Given information =>
######
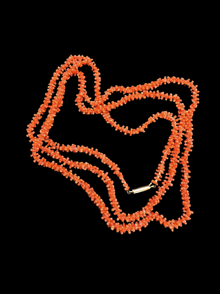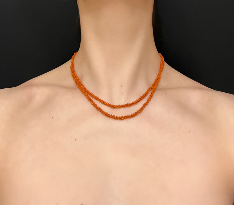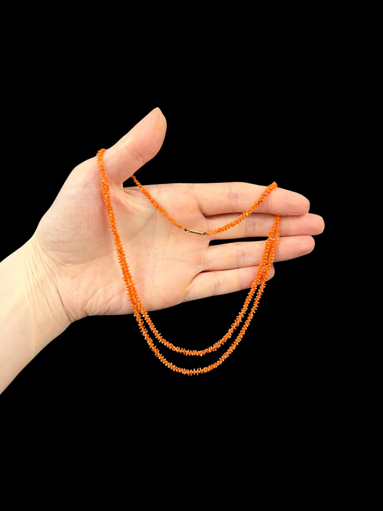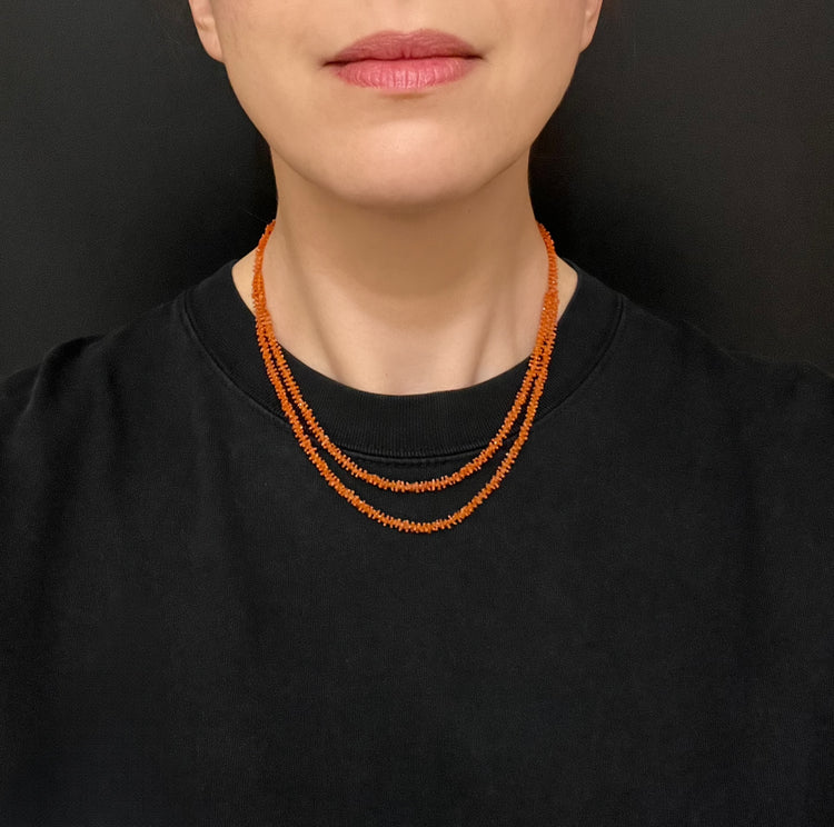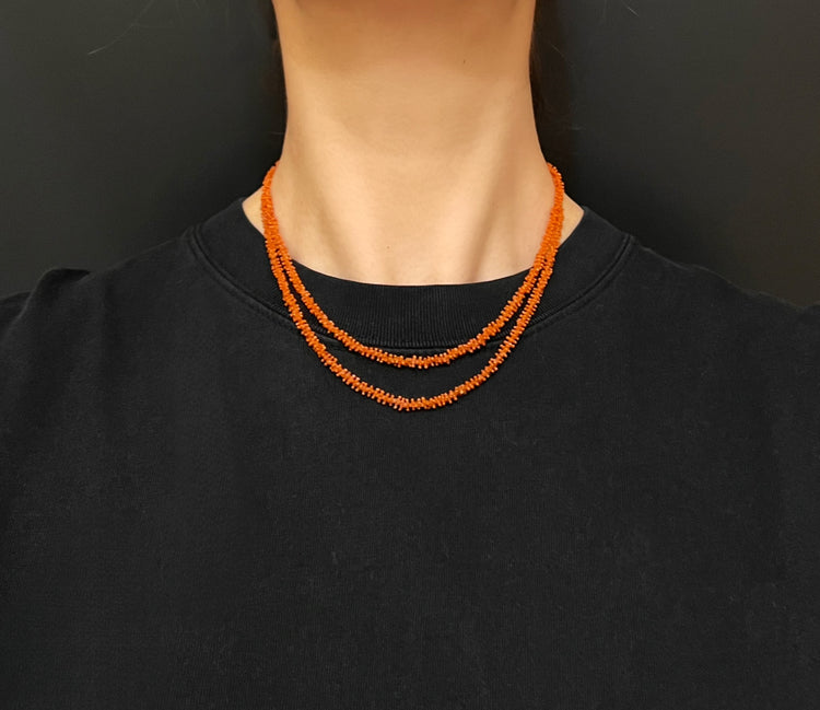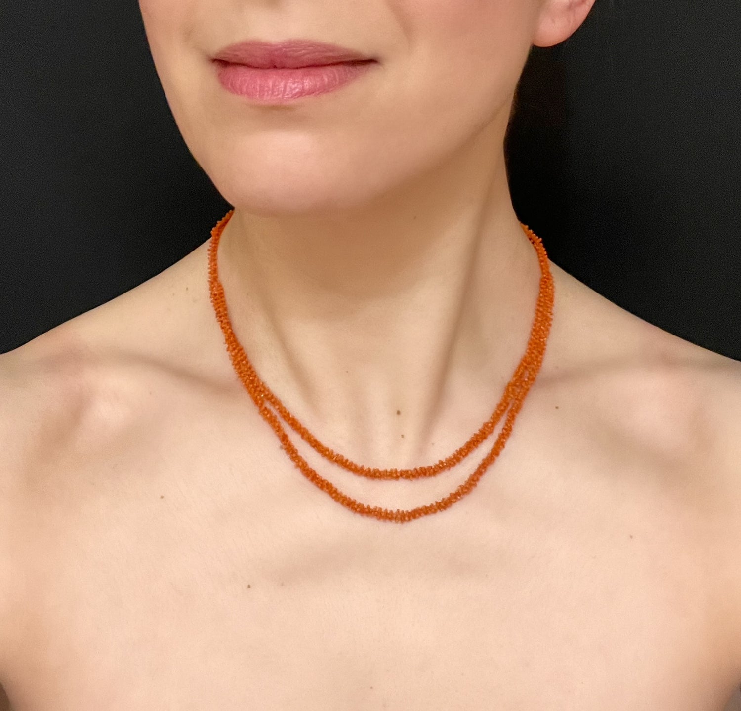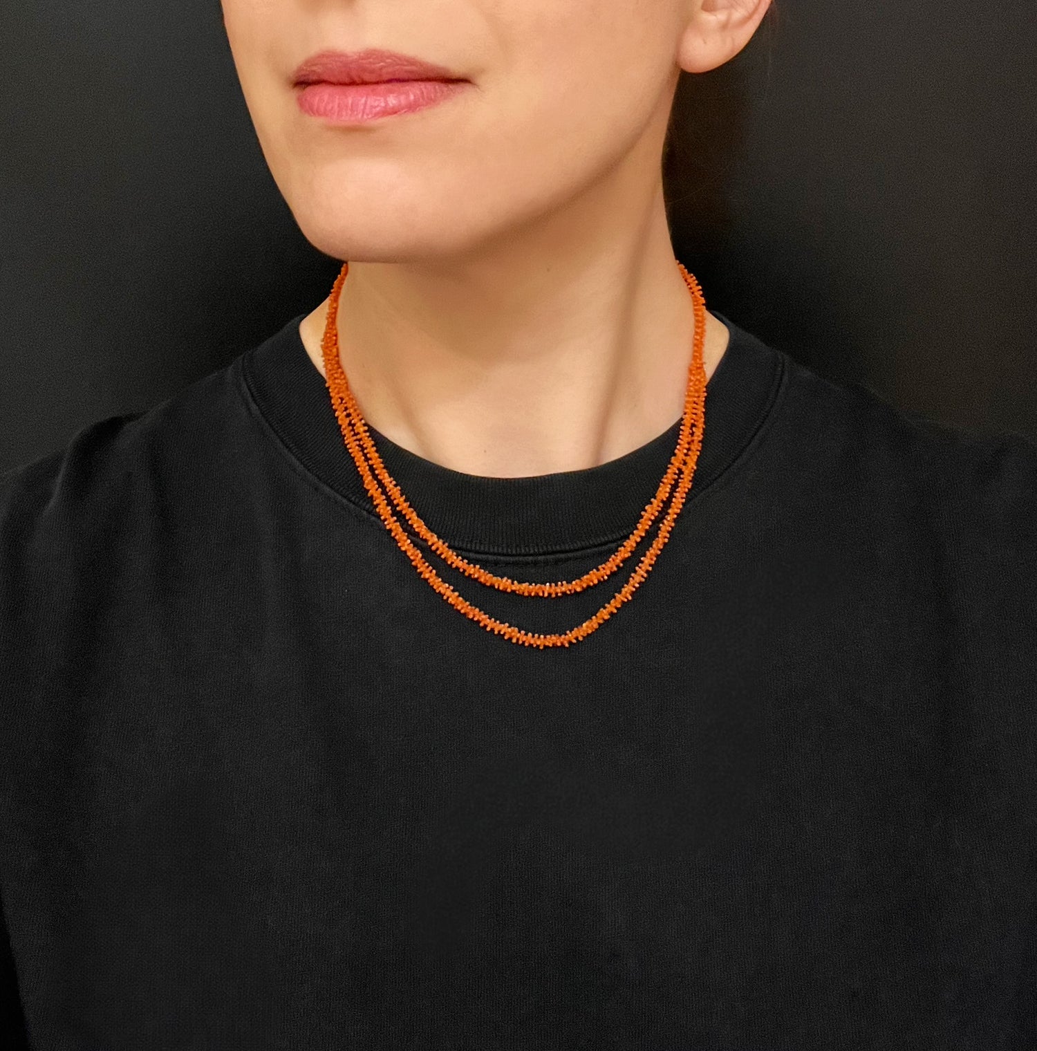 The necklace is made up of tiny hand carved little beads known as ‘cotton reel’ or ‘rolling pin’ beads due to their shape.
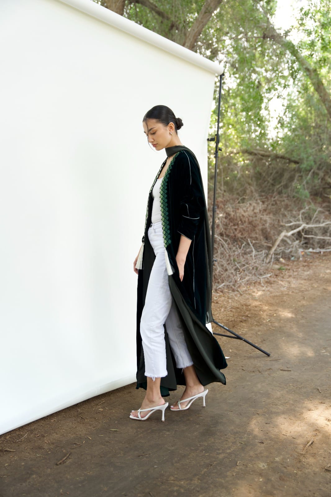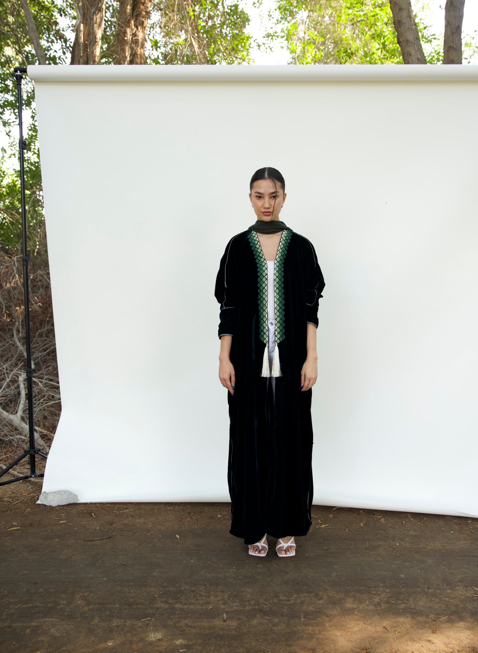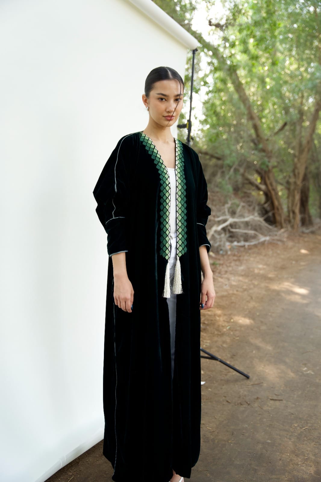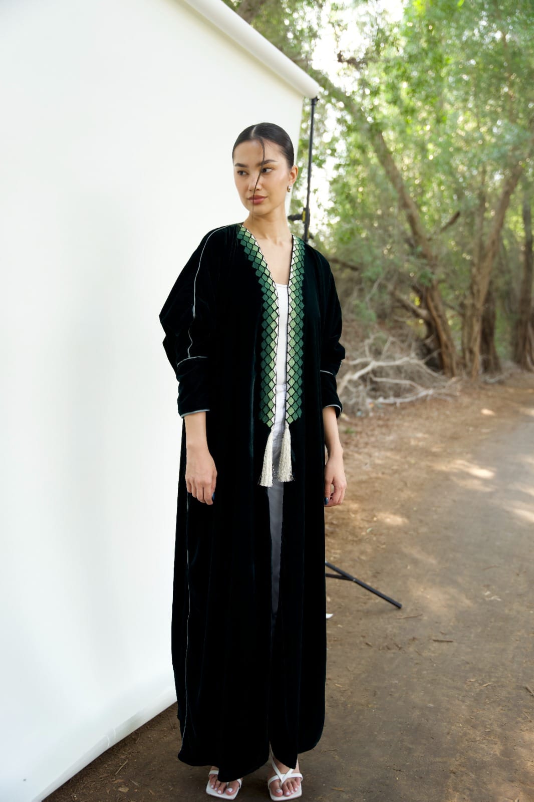 This Bisht silhouette Abaya is crafted from Luxurious Velvet that gently shimmers under the light, featuring beautiful intricate mosaic-like pattern embroidery and Finished with a pearl-Thread tassel.
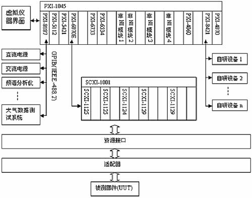 由于PXI模块较多,且为了今后的扩展,选用了18槽的PXI-1045机箱;为了进一步提高系统平台的集成度,选用PXI-8187零槽嵌入式控制器,摒弃了以往系统中利用MXI-2将工控机作为主控器的方式。PXI-8187带有GPIB接口,可以方便的扩展GPIB总线设备。部分仪器资源和部件需要串口通信,故选用PXI-8421扩展4个串口。
######
About this exercise => Repeat exactly and only the lines from the start of the data above through the line that holds "This Bisht silhouette", inclusive. Pictures do not belong in the copy.

Written answer =>
 The necklace is made up of tiny hand carved little beads known as ‘cotton reel’ or ‘rolling pin’ beads due to their shape.
 This Bisht silhouette Abaya is crafted from Luxurious Velvet that gently shimmers under the light, featuring beautiful intricate mosaic-like pattern embroidery and Finished with a pearl-Thread tassel.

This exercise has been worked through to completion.